Pétrole : Voici pourquoi les prix ont chuté

L'économie mondiale est traversée par plusieurs craintes. La croissance n'est pas au rendez-vous et l'inflation prend des proportions alarmantes. Les perspectives de cette économie sont pessimistes, selon plusieurs institutions financières et bancaires. Cette situation impacte durement le secteur des hydrocarbures. En effet, les prix du pétrole ont encore chuté dans un climat des affaires morose.

Ce lundi 24 avril, le baril de Brent, référence du pétrole algérien, a connu une nette baisse.
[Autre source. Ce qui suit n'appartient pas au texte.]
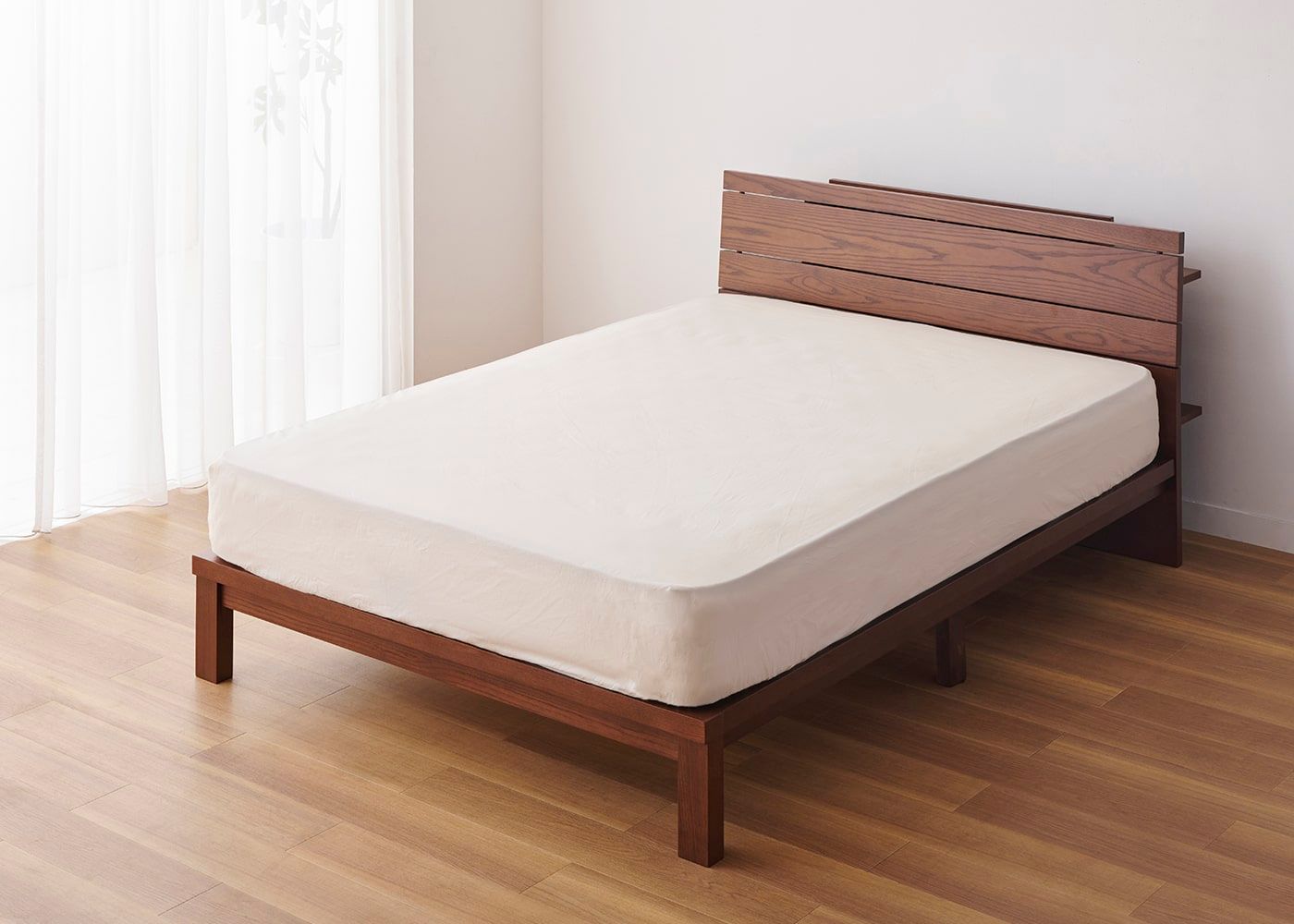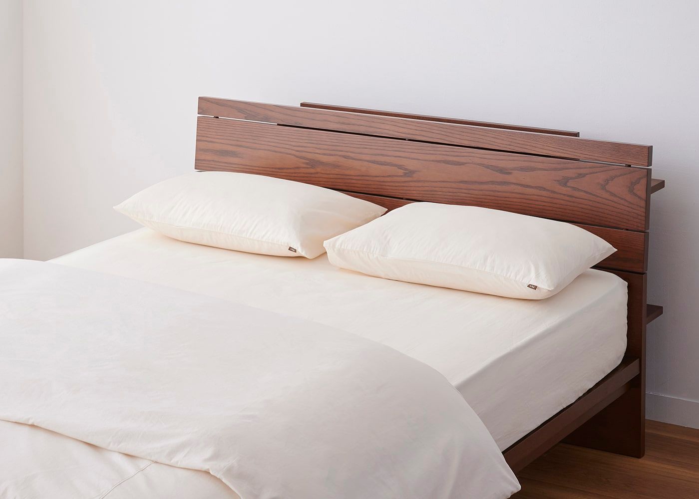 ハリのある風合いによって清潔感のある寝室を生み出す、ブロード ボックスシーツ。(写真のカラーはアイボリー)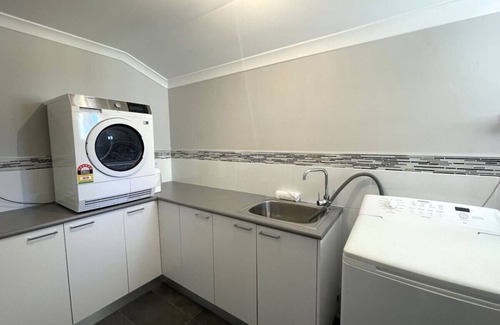 Both large bedrooms have comfortable queen-sized beds, perfect for families or friends travelling together. The living area is spacious and inviting, with a fully equipped kitchen and comfortable lounge for you to unwind after a day of exploring. Enjoy your morning coffee or a glass of wine on the private patio.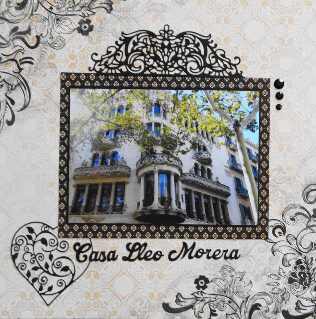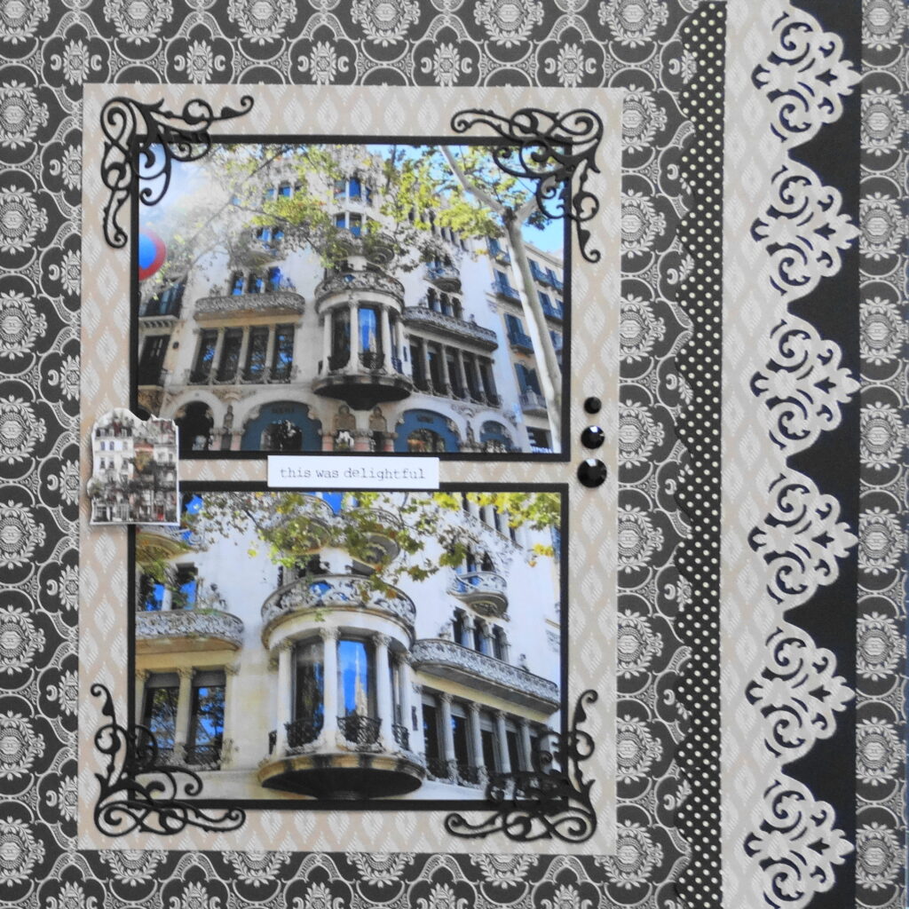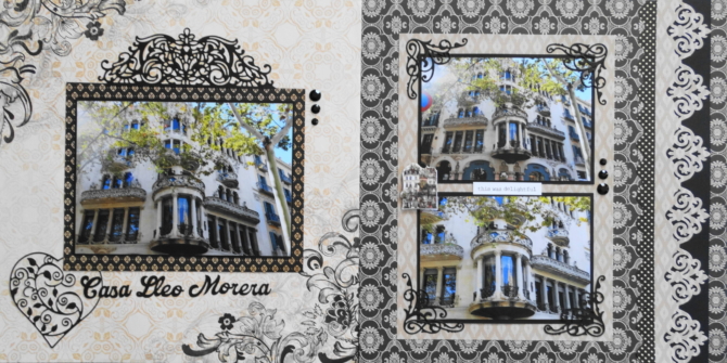 The papers are from the Karen Foster Design Dance Brocade Collection. I used the CM Damask frame border punch along the right side. All images for this page are in Cricut Access.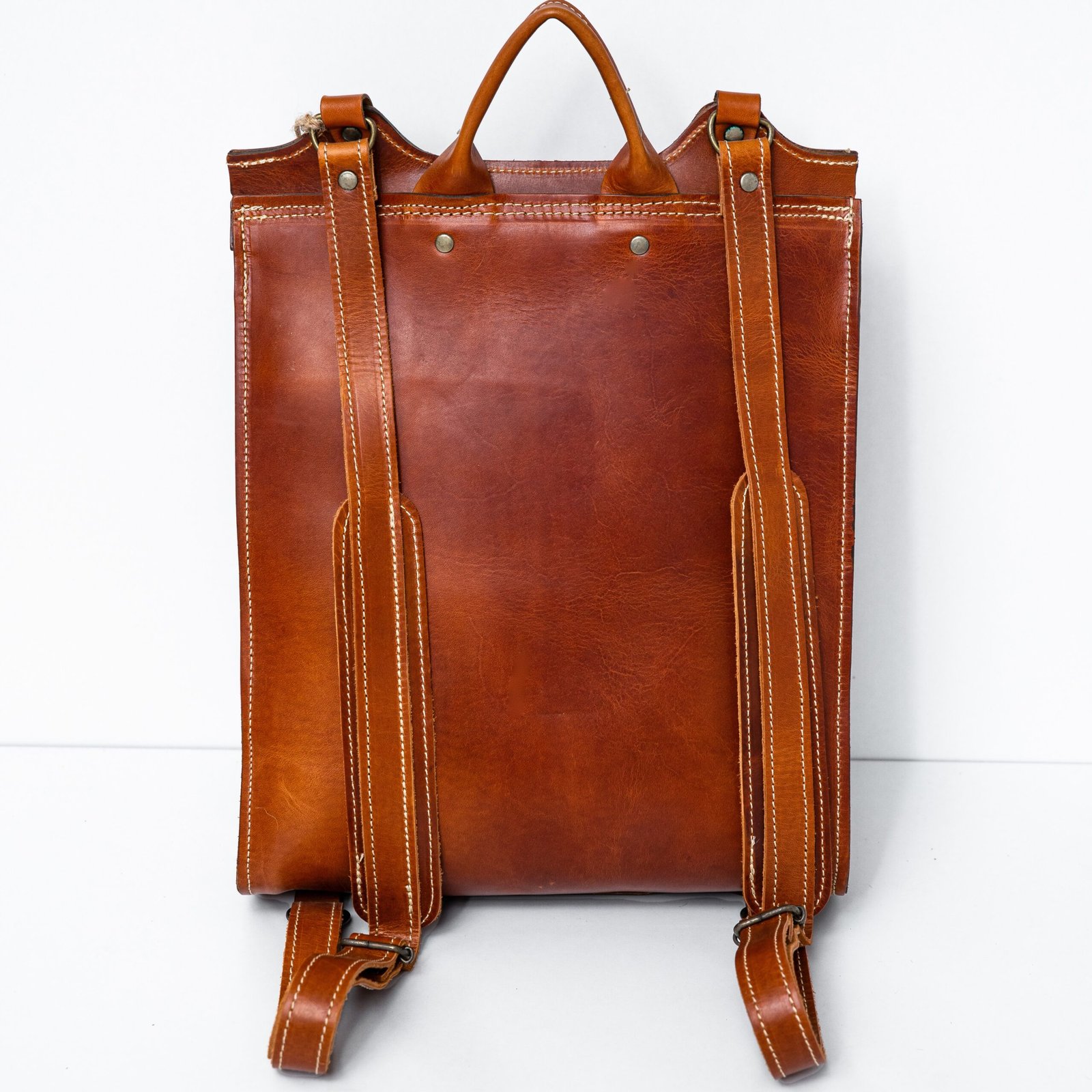 A secure flap top protects the spacious main compartment, while the signature buckle pocket on the front keeps your phone, keys, or tickets within easy reach. Reinforced straps and sturdy hardware ensure this leather backpack is ready for years of daily use.

Il est cédé à 81,09 USD le baril. De son côté, le brut américain West Texas Intermediate a connu une baisse plus importante et est cédé à 77,60 USD le baril. Ainsi, le pétrole a perdu la marge qu'il avait gagnée à la suite de l'annonce de réduction volontaire de la production de plusieurs membres de l'OPEP+. Il reprend ses valeurs d'avant cette annonce, dont les effets se sont estompés.

Ce recul des prix est dû aux inquiétudes concernant la hausse des taux d'intérêt aux USA et également au ralentissement de la croissance économique. Ces deux facteurs ont largement entamé les attentes d'une reprise de la demande cette année. En effet, en Amérique l'économie stagne. En Chine, la demande n'a pas atteint les niveaux attendus. Cette locomotive de la demande sur le pétrole peine à passer à la vitesse supérieure. Sur le continent européen également la crise s'installe dans la durée.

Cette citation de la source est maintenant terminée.